#### Given data

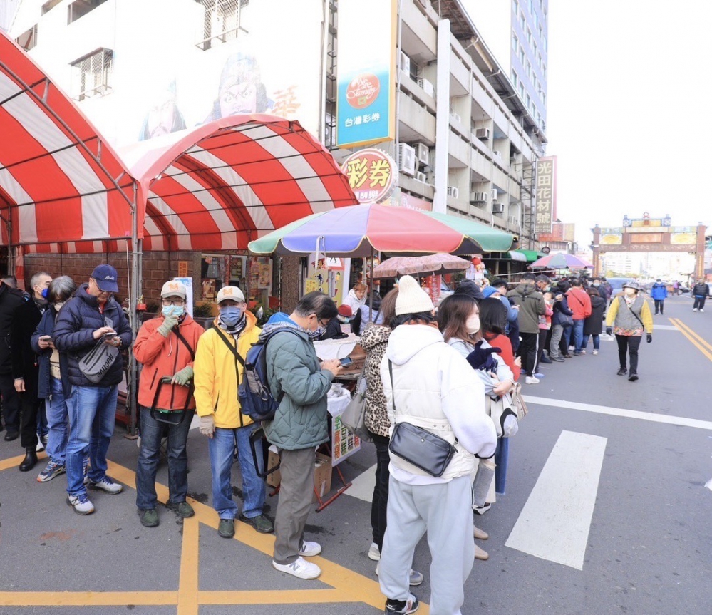 29日一早許多民眾不畏寒冷到宮廟排隊討吉利,領小紅包人潮擠滿廟埕,都希望能討個好彩頭,盧市長現場也與民眾親切合影,互道新年恭喜。除了南天宮有民眾排隊超過24小時搶頭香,朝聖宮也有位高齡102歲的人瑞阿公也來領取小紅包,熱情感染在場所有人。
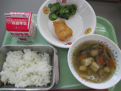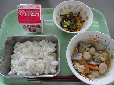ごはん 牛乳 鶏肉のへベス煮 きゅうりの塩もみ けんちん汁
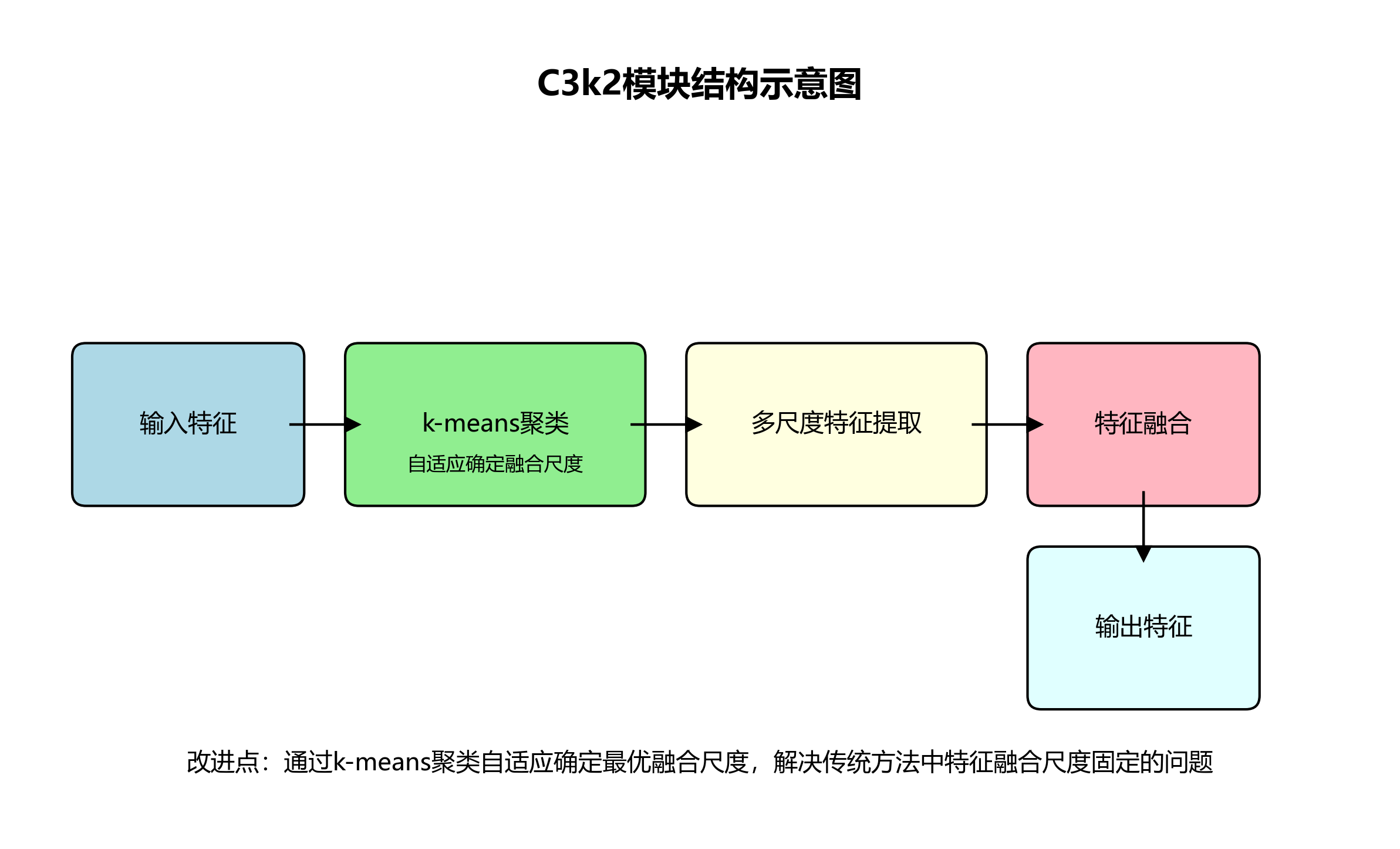 C3k2模块是一种改进的跨尺度特征融合模块,通过引入k-means聚类算法自适应地确定最优融合尺度,解决了传统方法中特征融合尺度固定的问题。
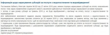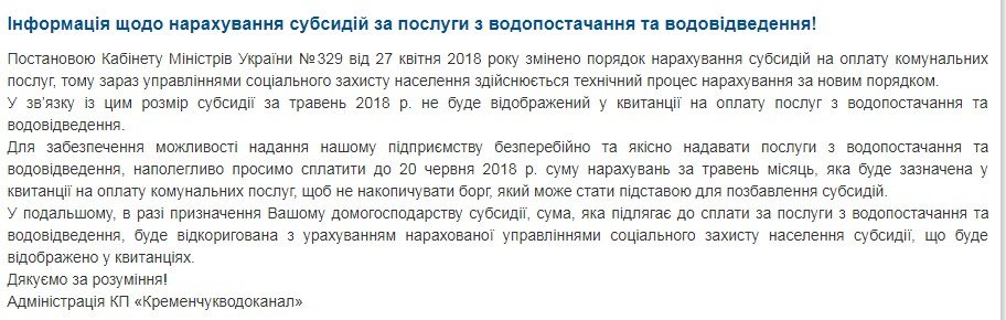Нещодавно на офіційному сайті комунального підприємства «Кременчукводоканал» з'явилася інформація про те, що кременчужани отримають платіжки за травень без урахування субсидій (тобто у квитанціях буде відображена повна сума платежу). Це, дійсно, так, оскільки управління соцзахисту населення станом на травень не отримали всі необхідні довідки про доходи громадян — про це «ТелеграфЪ» повідомляв раніше.

#### Aim of the task
Emit the lines of the material exactly, from its first line to the line containing "C3k2模块是一种改进的跨尺", inclusive; leave every picture out.

#### Written solution
 29日一早許多民眾不畏寒冷到宮廟排隊討吉利,領小紅包人潮擠滿廟埕,都希望能討個好彩頭,盧市長現場也與民眾親切合影,互道新年恭喜。除了南天宮有民眾排隊超過24小時搶頭香,朝聖宮也有位高齡102歲的人瑞阿公也來領取小紅包,熱情感染在場所有人。
ごはん 牛乳 鶏肉のへベス煮 きゅうりの塩もみ けんちん汁
 C3k2模块是一种改进的跨尺度特征融合模块,通过引入k-means聚类算法自适应地确定最优融合尺度,解决了传统方法中特征融合尺度固定的问题。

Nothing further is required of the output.